For an organization whose work rested on its capacity to continue to engage with its communities (youth activists, campaigners, lawmakers, media organisations and platforms, parliamentary committees etc), the need for change was inevitable. As the pandemic raged, Yiaga Africa started to check in with its communities leveraging all available communication platforms. These check-ins turned into an opportunity to gather information on what was happening in their communities with regards to the pandemic and then grew into an initiative on tracking citizen stress points as opposed to tracking government response to COVID-19. As the information poured in, Yiaga Africa pivoted again to setting up a system for citizens to share what the government is doing in their local communities in response to the coronavirus such as distribution of palliatives and economic stimulus packages as a means of also promoting accountability.
In our conversation, Cynthia talked about Yiaga Africa’s Youth Organising school that provides mentorship to young people and the fact that it has moved to supporting its cohort remotely and a lot training and interaction is now conducted through webinars to engage the youth constituency.
“Our goal with the webinars is we wanted webinars that reflected the needs of people within our community.
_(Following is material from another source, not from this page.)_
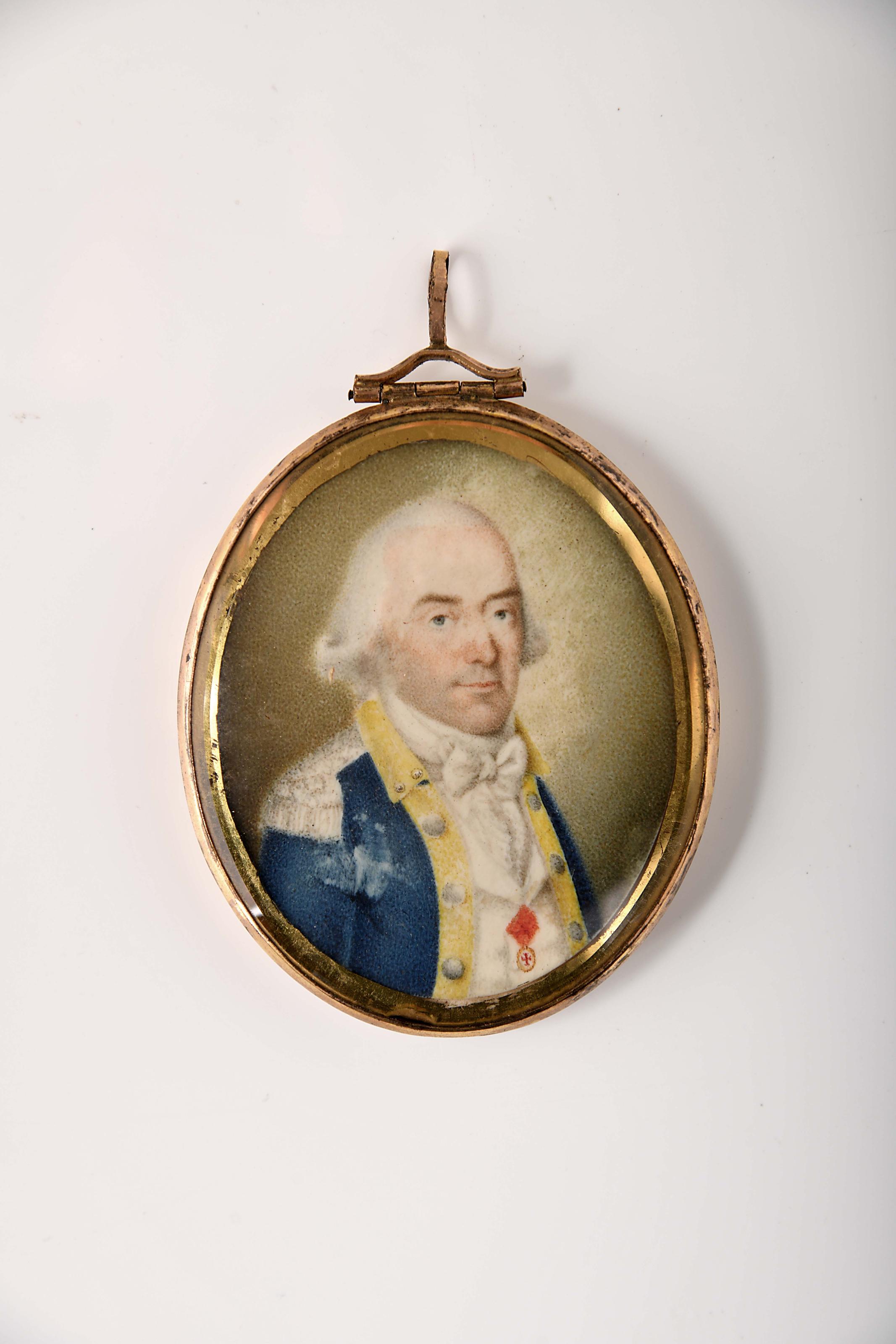 Pendente "Retrato de Cavaleiro com uniforme militar português e cruz da Ordem de Cristo" miniatura sobre marfim verso com decoração dourada e pintada sob vidro, moldura em metal dourado Português séc. XVIII/XIX defeitos na decoração do verso, outros pequenos defeitos Dimensões (altura x comprimento x largura) - 9 x 6 cm Notas: a) Este lote está sujeito às restrições CITES de exportação/importação e encontra-se devidamente certificado: nº 26PTLX00775C;b) É actualmente proibida por diversos países a importação de bens que incorporem materiais de espécies da fauna e flora selvagens protegidas, incluindo, entre outros, marfim, coral e tartaruga;c) Em Portugal, em conformidade com a prevista transposição para a legislação nacional das mais recentes orientações da UE relativas ao comércio de marfim, está suspensa a emissão de certificados de reexportação para países que não integrem a UE;d) Neste contexto, aconselham-se os seus potenciais compradores a informarem-se previamente sobre a legislação do seu país e restrições internacionais aplicáveis.

Take the youth and women constituency for instance, the webinar for young and female lawmakers at the state level discussed how they can engage differently and provide leadership during the pandemic. We also produced this toolkit on Legislative Engagement with constituents designed for young lawmakers as a guide on how they could engage during COVID-19. There were also specific webinars promoting resilience in this period of COVID-19 for young people who have youth organisations exploring new working structures, review of program design, budget reviews, etc. And the webinars on sustainable democracy. Some of these webinars were hosted in partnership with the US Embassy and the Embassy of Sweden in Nigeria.”
Yiaga Africa’s engagement with lawmakers also changed during the lockdown because they were not sitting in sessions as they normally do during the lockdown period. However, Yiaga Africa was still providing support through research analysis and this support became even more pertinent as the COVID-19 related bills such as the Infectious Diseases bill and the Economic Stimulus Bill were introduced in the National Assembly. Community engagement for elections have also been interrupted but Yiaga Africa was also adapted using mass media to reach communities.
“We couldn’t do major voter education at community levels because of COVID-19 and we normally would also have town halls at state level. What we did was to convene a webinar on Elections and Voting during COVID-19 which covered procedures for election management and how people can vote and during COVID-19. We used this to engage as early as April with the election commission and key election stakeholders and some recommendations from this conversation informed the guideline and policy for voting during COVID-19. We have also been leveraging media platforms and have conducted three TV townhalls where citizens tune in and discuss election and electoral reform related issues.”
Cynthia also alludes to the fact that like other non-profit organisations, Yiaga Africa has had to review its programs and projects and engage donors about reallocation of funds to respond to COVID-19 issues within its communities. While this has been necessary, Yiaga Africa has found that partners have been accommodating to proposed changes as long as value is demonstrated. Yiaga Africa continues to see its role in investing in youth-led movements and civic activism as pan-African as a gateway to homegrown democratic practices that work best for African people. Yiaga Africa’s ultimate goal is a developed and democratic Africa where citizens are engaging government and taking leadership within communities and constituencies.